Fill each crespelle with 3 tablespoons of the cheese and mushroom mixture and fold in half. Continue filling crespelle until all are full. Be sure to leave some of the cheese mixture for the topping.
Preheat the oven to 450° F.
Butter the bottom and sides of a 10 by 8-inch ceramic baking dish with 1 tablespoon of butter. Lay the filled crespelle in an overlapping layer in the baking dish. Spread the remaining cheese mixture over the top, dot with butter. Grate over the top with pecorino Romano or parmesan Romano and place in the oven for 12 to 15 minutes, until piping hot and crispy on top.
Remove and serve hot, or allow to rest and serve at room temperature.

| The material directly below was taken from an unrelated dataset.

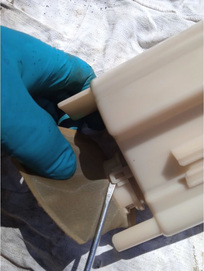 3) Dépose de ladite crépine qui est juste clipsée en 2 points, ça semble fragile, faut y aller mollo mais avec un petit tournevis ça vient tout seul.

This is a large amount. Doyle likes to make a full receipt for the crespelle and freeze leftovers, and to cut the filling amount in half and serve only 2 or 3 to each guest.
BRINGING FOOD HOME
A caller from Urbana asked whether Doyle tried to bring any herbs or other ingredients back with him; what are the customs rules? No, he didn’t. He fell in love with a green kind of cabbage and got the seeds, but you’re not allowed to bring seeds in. He did bring some olive oil, but they’re very strict about fresh foods not in cans or sealed in bottles.